* Work order:
In full and word for word, copy the listing; no pictures belong in the copy.

* Recorded information:
┄┄┄┄┄┄┄┄┄┄┄┄┄┄┄┄┄┄┄┄
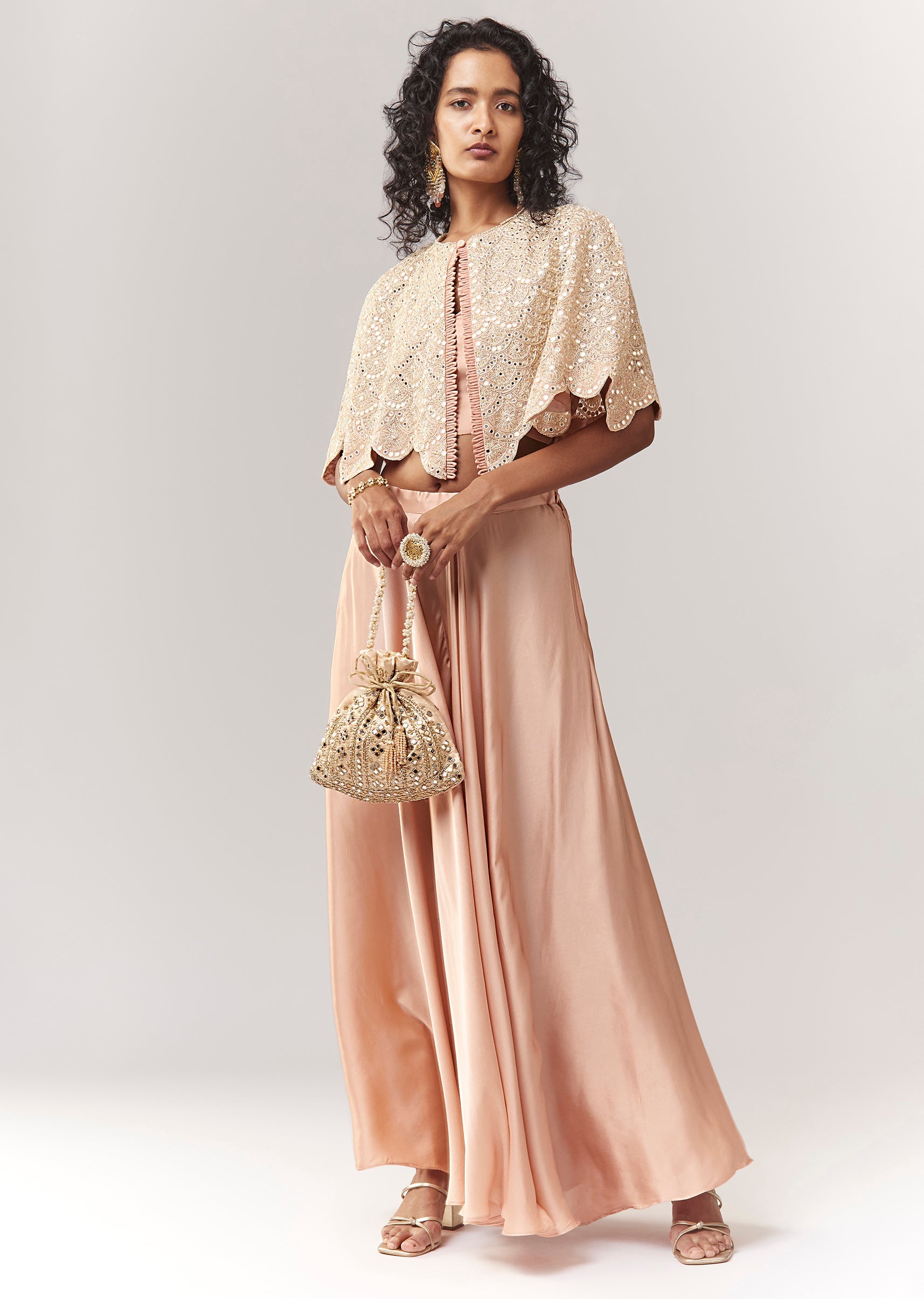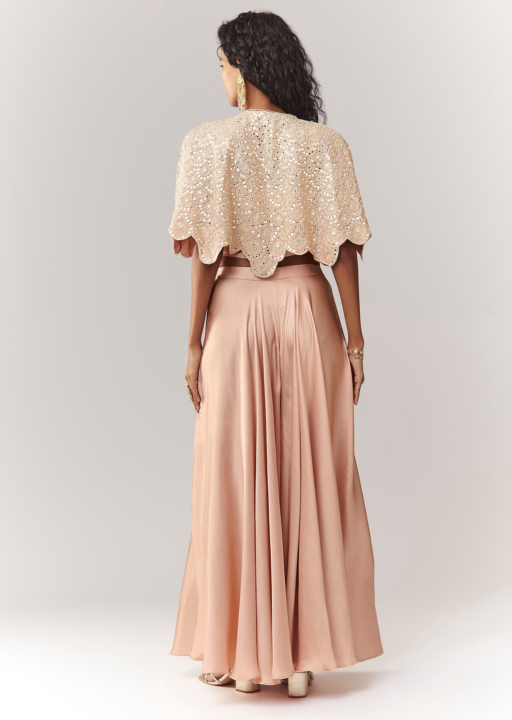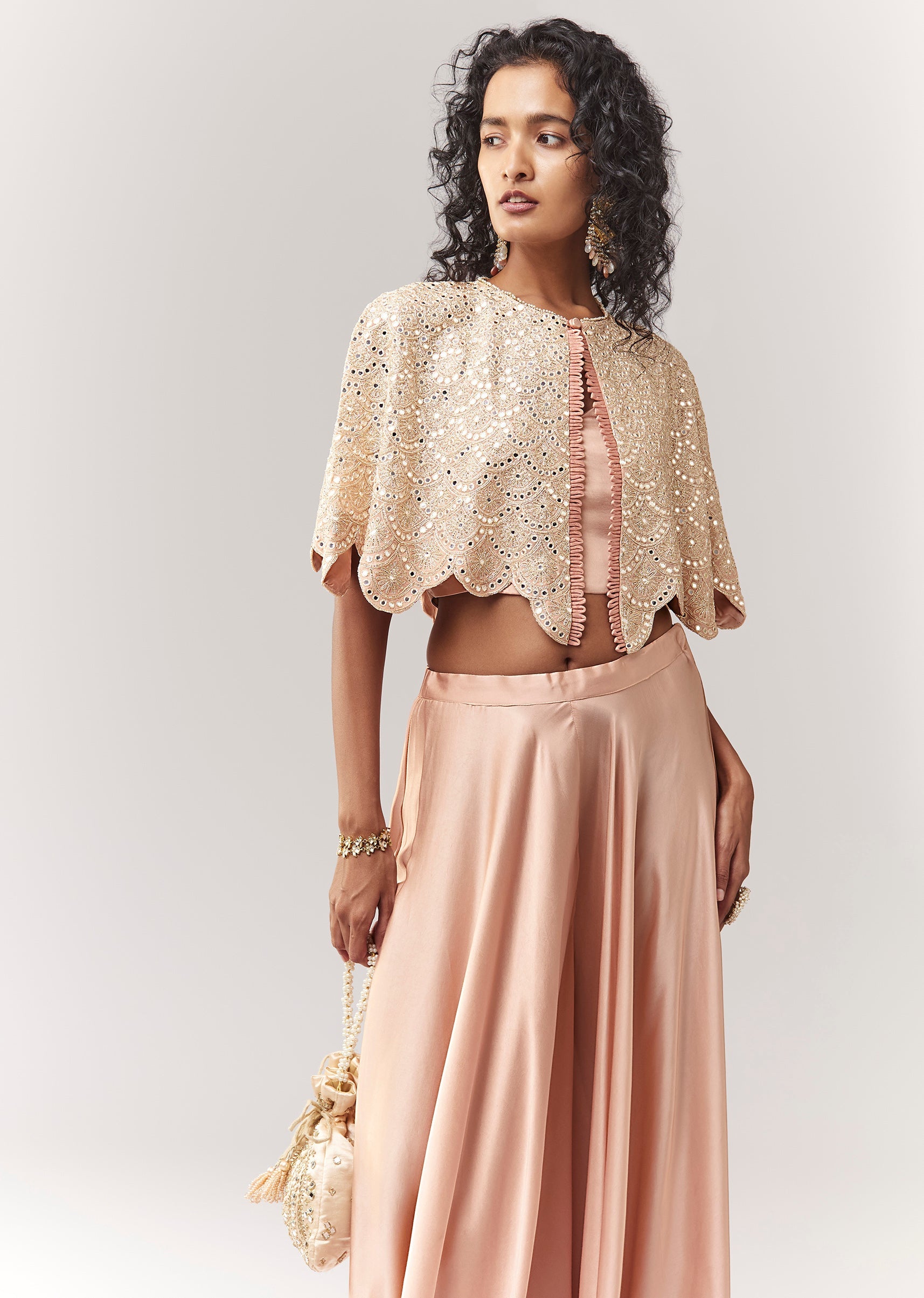 Peach Mirror And Cutdana Work Cape Set With Palazzo
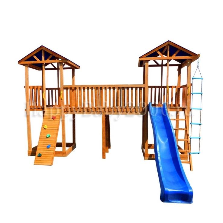 Детский игровой комплекс М22-1 с узким скалодромом и тентовыми крышами предназначен для дач, коттеджей.
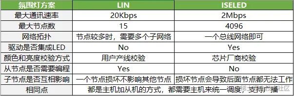 现在主流的车内氛围灯方案分为两种,一种是带自动寻址功能的LIN总线方案,代表的芯片如ELMOS的E521.31/E521.36,迈来芯的MLX81106/MLX81108,英迪芯的IND83209/IND83211。一种是使用了ISELED技术的Smart RGB LED方案(将LED Driver&Controller和LEDs封装在一起),代表芯片如统明亮的seddLED 3.0系列,弘凯光电的iCLed系列等。两种方案的对比如下表:
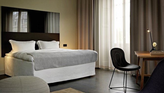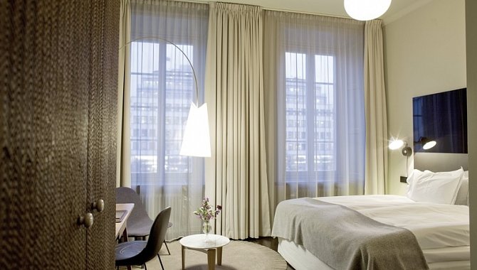 Deluxe: ca. 25 qm: Mit Sitzecke, separater Dusche und Badewanne, Blick auf den Norrmalmstorg-Platz.
┄┄┄┄┄┄┄┄┄┄┄┄┄┄┄┄┄┄┄┄
* Worked solution:
 Peach Mirror And Cutdana Work Cape Set With Palazzo
 Детский игровой комплекс М22-1 с узким скалодромом и тентовыми крышами предназначен для дач, коттеджей.
 现在主流的车内氛围灯方案分为两种,一种是带自动寻址功能的LIN总线方案,代表的芯片如ELMOS的E521.31/E521.36,迈来芯的MLX81106/MLX81108,英迪芯的IND83209/IND83211。一种是使用了ISELED技术的Smart RGB LED方案(将LED Driver&Controller和LEDs封装在一起),代表芯片如统明亮的seddLED 3.0系列,弘凯光电的iCLed系列等。两种方案的对比如下表:
 Deluxe: ca. 25 qm: Mit Sitzecke, separater Dusche und Badewanne, Blick auf den Norrmalmstorg-Platz.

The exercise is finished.